Нельзя замкнуть весь смысл жизни и на одно чувство любви. «Любовь – пышный, изящный цветок, венчающий и оканчивающий индивидуальную жизнь; но он, как все цветы, должен быть раскрыт одною стороной, лучшей стороной своей к небу – всеобщему… Монополию любви надобно подорвать вместе с прочими монополиями… Скажем прямо: человек не для того только существует, чтоб любиться; неужели вся цель мужчины – обладание такою-то женщиной, вся цель женщины – обладание таким-то мужчиною? – Никогда! Как неестественна такая жизнь, всего лучше доказывают герои почти всех романов».
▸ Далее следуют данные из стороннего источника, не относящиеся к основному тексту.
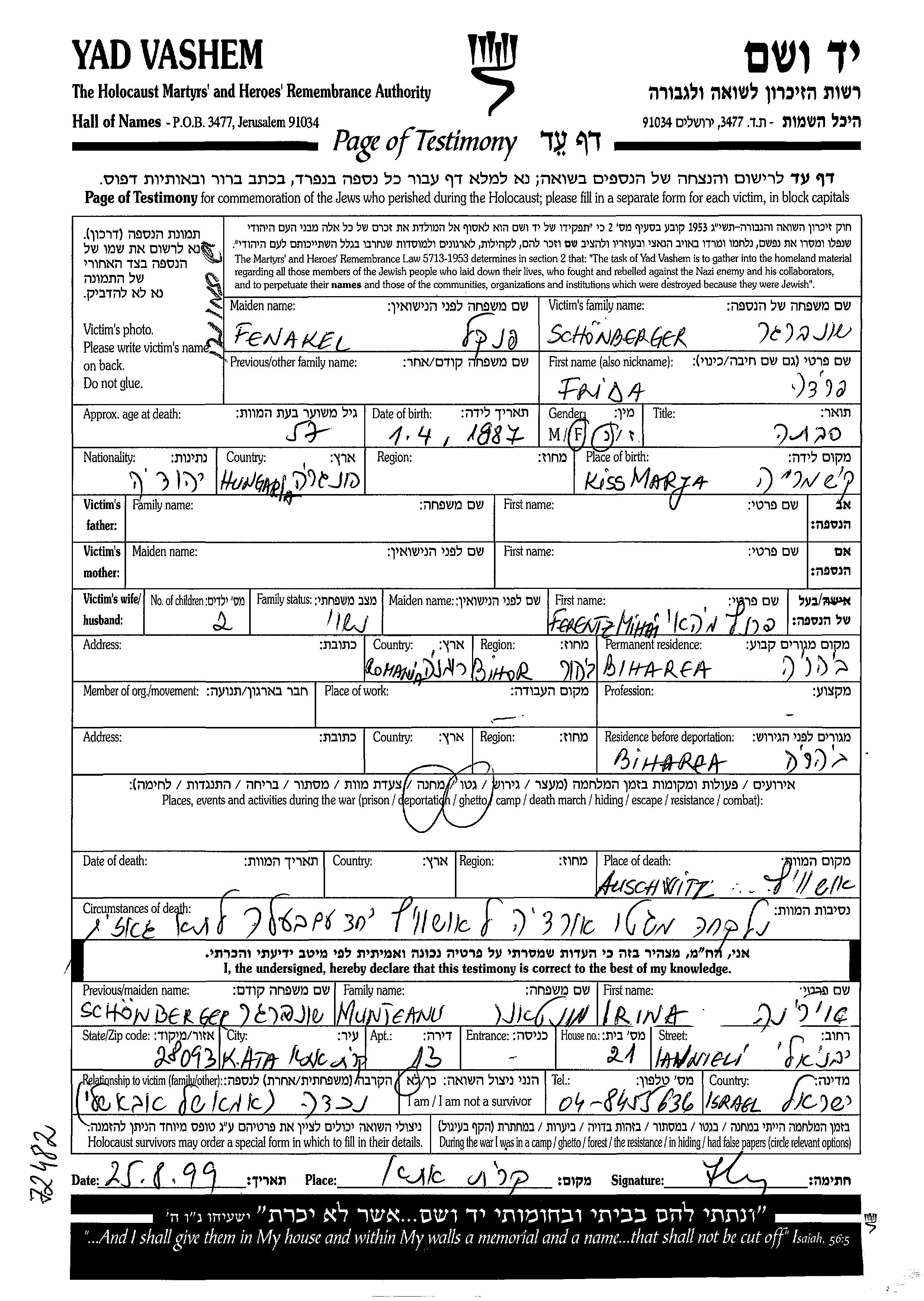 Frida Schönberger, geb. Fenakel wurde im Jahr 1887 in Kismarja, Ungarn geboren. Vor dem Zweiten Weltkrieg lebte sie in Biharea, Rumänien.

Брак Дмитрия Круциферского с Любонькой трагически обречен, потому что их семейная жизнь обособилась от жизни всеобщей: «Они так мало делали требований на

внешнее, так много были довольны собою, так проникались взаимной симпатией, что их трудно было не принять за иностранцев» в провинциальном городке. Конечно, в замкнутом образе жизни, который ведут Круциферские, виновата отчасти бездуховная атмосфера городка. Но разве от этого оправдания героям легче? Не случайно Любовь Круциферская записывает в своем дневнике: «Мне сегодня пришло в голову, что самоотверженнейшая любовь – высочайший эгоизм… что кротость – страшная гордость, скрытая жесткость…» Вскоре жизнь подтвердит правоту этих слов. «Вот они, мои предчувствия!» – думает Круциферский. И он рвал волосы на голове, кусал губы, и вдруг в его душе, мягкой и нежной, открылась страшная возможность злобы, ненависти, зависти и потребность отомстить…»
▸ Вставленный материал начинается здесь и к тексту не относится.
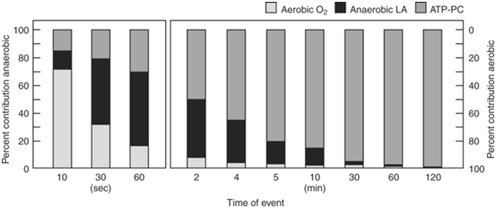 Figure 2 Time energy system continuum. Approximate relative contributions of aerobic and anaerobic energy production at maximal maintainable intensity for varying durations. The graphs assume 100% maximal oxygen uptake (O2max) at 10 minutes; 95% O2max at 30 minutes; 85% of O2max at 60 minutes; and 80% O2max at 120 minutes. Adenosine triphosphate-phosphocreatine ≤10 seconds.18
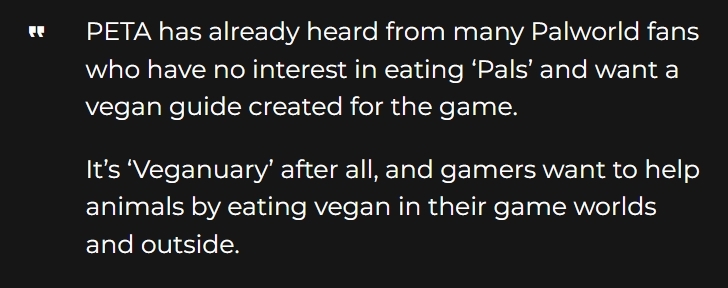 「PETA已經收到許多《幻獸帕魯》玩家的來信,其實他們對於吃掉『帕魯』這件事並不感興趣,甚至還希望開發團隊能夠為這款遊戲打造一個素食指南。畢竟現在是素食月(Veganuary),確實有玩家希望能夠在遊戲世界中,採用跟現實生活中相同的素食料理來幫助這些生物。」
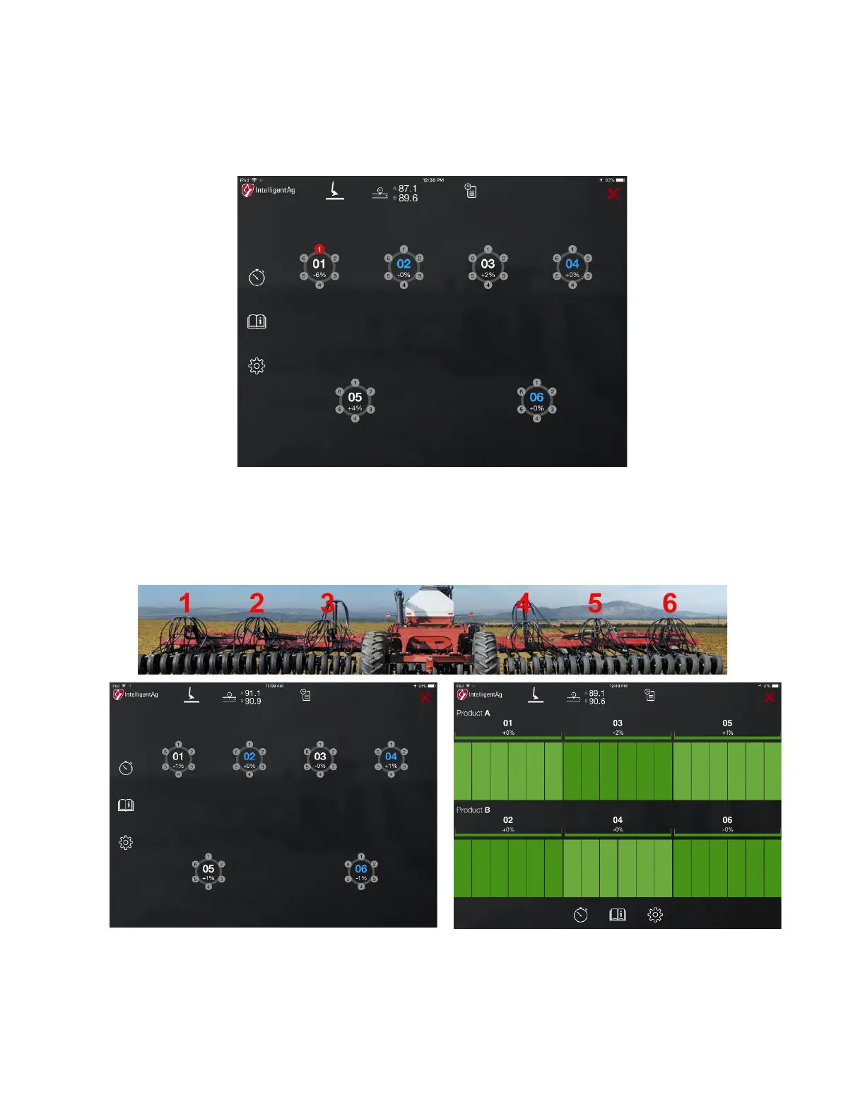 Right: Blockage screen representing that implement in row view.
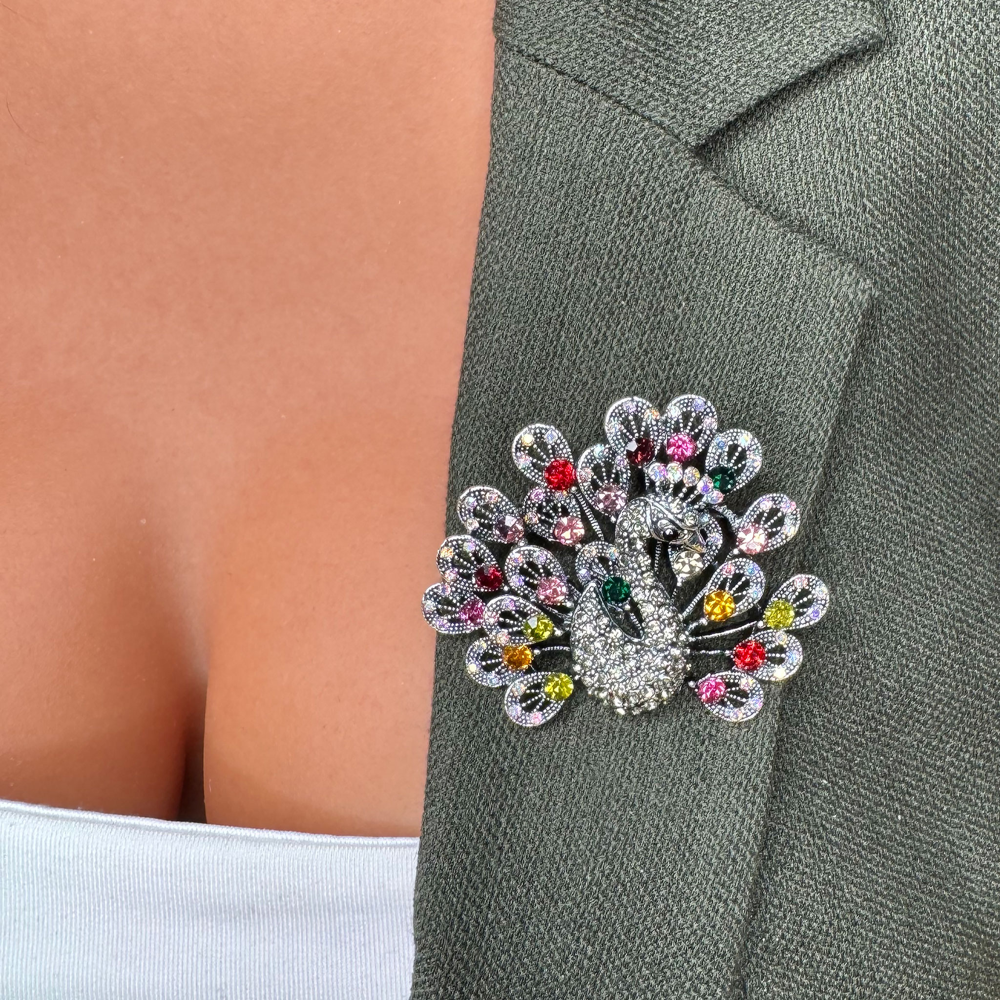 Această broșă surprinde măreția și frumusețea păunului, simbol al eleganței și al nobleței. Pietricelele multicolore adaugă un strop de magie și rafinament, reflectând lumina în mod spectaculos. Este o bijuterie care transmite strălucire, grație și bucuria de a purta un accesoriu cu personalitate și expresivitate artistică.

Каково содержание любви Круциферской к Бельтову? Какие неудовлетворенные в семейной жизни с Дмитрием желания утоляет эта любовь? Круциферская пишет в своем дневнике: «Отчего у Дмитрия нет этой потребности добиваться до истины, мучиться мыслию? Я, бывало, обращаюсь к нему с тяжелым вопросом, с сомнением, а он меня успокаивает, утешает, хочет убаюкать, как делают с детьми… а мне совсем не того хотелось бы… он и себя убаюкивает теми же детскими верованиями, а я не могу». Ясно, что Круциферской хочется выйти за границы узкого семейного круга в сферу более широких общественных интересов.
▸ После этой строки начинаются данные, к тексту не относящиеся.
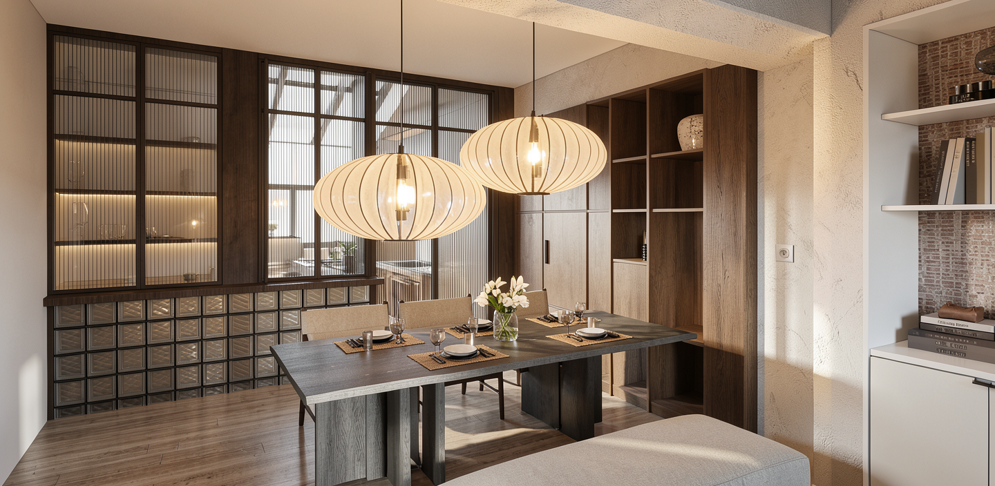 make a photorealistic render wtihout changing the perspectif keep the materials close to the original and put a hanging horizontal ligth the flos belt leather above the kitchenisland no added windows or doors make the picture overal light just at 12 00 dont add a faucet
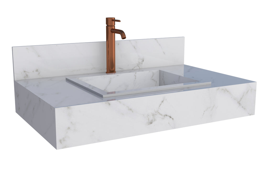 The Veneza porcelain countertop delivers sophistication at an affordable price. It has a sculpted sink, hidden valve with removable top and comes with a front panel.

Герцен-социалист убежден: основной источник современных семейных драм заключается в противоестественной замкнутости жизненных интересов женщины. Будущее царство социализма смягчит любовный драматизм выходом человека в общую жизнь. Женщина приобщится к общим интересам, она не будет так односторонне привязана к семейству. У людей будущего любовь не поглотит собою гражданственности, искусства, науки. Люди внесут все одушевление, весь пламень любви и в эти широкие области, и, наоборот, широту и грандиозность этих миров они внесут в свою любовь. Люди будущего раскроют свою душу всему человеческому, научатся страдать и наслаждаться страданиями и наслаждениями современности, работать столько же для других, сколько и для себя. «Они разовьют свое эгоистическое сердце во всехскорбящее». И тогда любовная страсть потеряет свою дикую, судорожную сторону. По мере расширения человеческих интересов уменьшится сосредоточенность каждого на своей личности и смягчится в роде человеческом ядовитая жгучесть страстей.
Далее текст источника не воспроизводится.